Prado é o mesmo desde sempre (e que assim seja)

CASSIANO ELEK MACHADO
DA REPORTAGEM LOCAL

Em um belo dia de 1999, o artista inglês Mat Collinshaw colocou uma venda em seus olhos, no seu estúdio em Londres, e, guiado por uma assistente, seguiu até o aeroporto e embarcou para Madri.
De olhos bem vendados, e sempre filmado pela sua "guia", ele foi conduzido até a sala número 3 do Museu do Prado. A moça desamarrou cuidadosamente o pano preto e eis que Collinshaw estava diante da tela "As Meninas", de Diego Velázquez (1599-1660).
Essa performance abre nossos olhos para um óbvio ululante: qualquer amante da arte, de Labrador a Vladivostok, adoraria passar por algo parecido. Qualquer amigo do belo adoraria abrir os olhos repentinamente no cômodo 3 do Museu do Prado.
A enquete realizada pelo caderno Turismo só reforça. O majestoso casarão do Paseo del Prado ficou entre os três mais citados pelos entrevistados. E o mesmo poderia ter acontecido se a pesquisa tivesse sido feita dez, 50 ou 200 anos atrás.

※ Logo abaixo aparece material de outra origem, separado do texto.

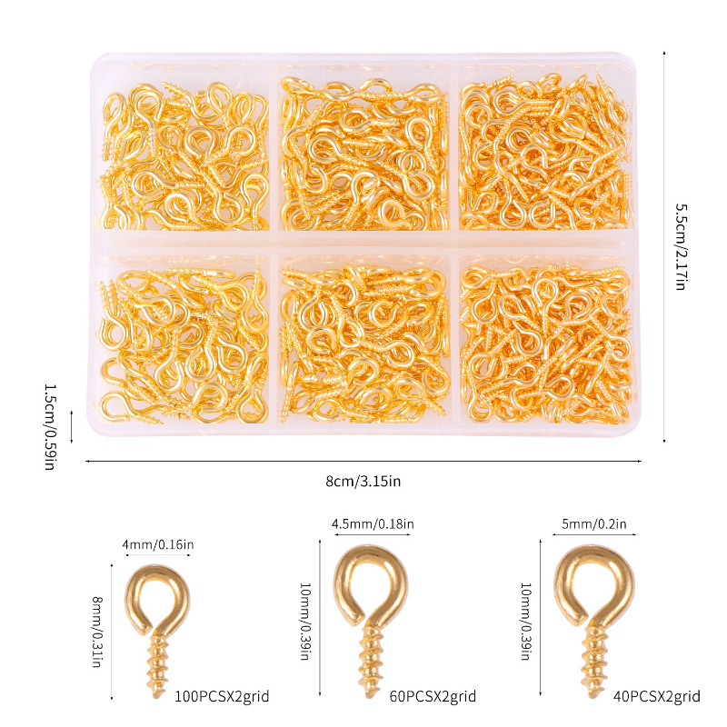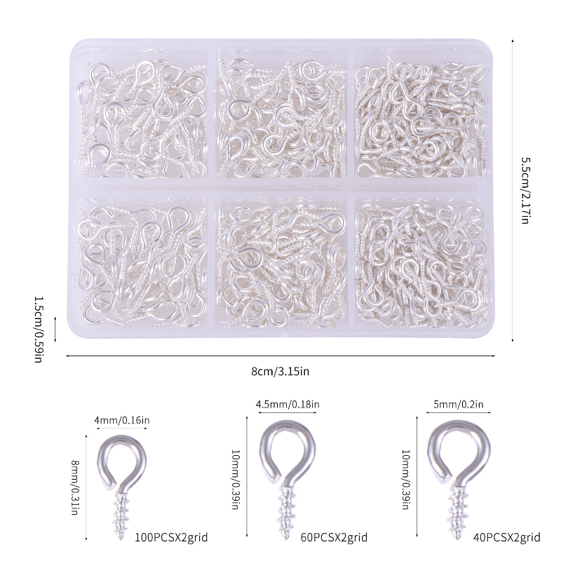 This 1box contains an assortment of hook sheep eye screw nails, perfect for DIY jewelry making and crafting projects.

As coisas mudaram e mudam muito pouco nos dois séculos desse museu, mesmo ele tendo passado por recentes ampliações. Um visitante de 1888 e um da semana passada veriam praticamente as mesmas maravilhas, nos mesmos corredores altos, um tanto escuros, que terminam em largas portas abauladas.
E os corredores, as largas portas, o cheiro de história são o que menos importam no casarão neoclássico projetado em 1785 pelo arquiteto Juan de Villanueva e inaugurado em 1819. Se em boa parte dos museus recentes, seja no paulistano MuBE, seja no Guggenheim de Bilbao, o prédio é ator principal, no Prado não é incomum esquecer que existe uma construção cercando os Goyas, El Grecos & companhia.
Esqueça a lojinha -não é das dez melhores-, não coma nem sob tortura a paella do restaurante abafado no subsolo, não tente se guiar pelo site, dos mais modestos entre os dos grandes museus do mundo, não espere mostras temporárias de abalar suas estruturas.
O negócio aqui é pintura, um acervo da melhor pintura de uma das melhores escolas pictóricas de todos os tempos: a Espanha dos séculos 16 a 18. O Prado tem 8.600 telas (das quais pouco mais de mil expostas). É um bocado, mas bastariam umas 50 para fazerem dele um dos melhores do mundo.
Dos oito núcleos nos quais está organizado, desde priscas eras, não existe dúvida de que o módulo "Pintura Española" é imbatível. É ali que moram, literalmente, as jóias da coroa. Criado com inspiração no Louvre, pelo rei Carlos 3º (conhecido pela alcunha de "o melhor prefeito da história de Madri"), o Prado tem até hoje como parte mais substancial de seu elenco pictórico as obras vindas das coleções reais.
Como é sabido, pintores do porte de Velázquez trabalharam fartamente para esses monarcas. E foi assim que esse artista acabou sendo o responsável pela escolha dos trabalhos de Ticiano (1485-1576) que hoje são exibidas no núcleo de pintura italiana, ao lado de ótimos Tintorettos e Veroneses.
O terceiro módulo importante do museu é o de pintura flamenga. A coleção de obras do delirante Hieronymus Bosch (1450-1516), incluídas aí obras-primas como "O Jardim das Delícias" ou "Os Sete Pecados Capitais", é das melhores do mundo.
Mas não foi para nenhuma delas que Mat Collinshaw vendou e desvendou seus olhos. O destaque máximo, a "Mona Lisa" do Prado, é mesmo "As Meninas" (1656). Livros inteiros já foram escritos sobre a tela e seus mistérios -e não seria este o espaço de sondá-los (indicação para isso é o livreto "Las Meninas", de Fernando Marías Franco, ed. Electa, Madri).
O espaço vai acabando, aliás, e nem chegamos ao outro astro do Paseo del Prado, Francisco de Goya (1746-1828). É ali no Prado que moram boa parte de suas obras maiorais, das sensuais "Maias" às Pinturas Negras (como a horripilantemente linda "Saturno Devorando um de Seus Filhos"). É ali também que vive a pequenina "El Perro Semihundido". Pintada por volta de 1820, retrata não mais do que uma cabeça de um cão acinzentado no canto inferior de uma tela quase toda da cor de areia.
Taí, decidi. Se um dia me vendarem os olhos, só quero que os desvendem em frente de "El Perro Semihundido".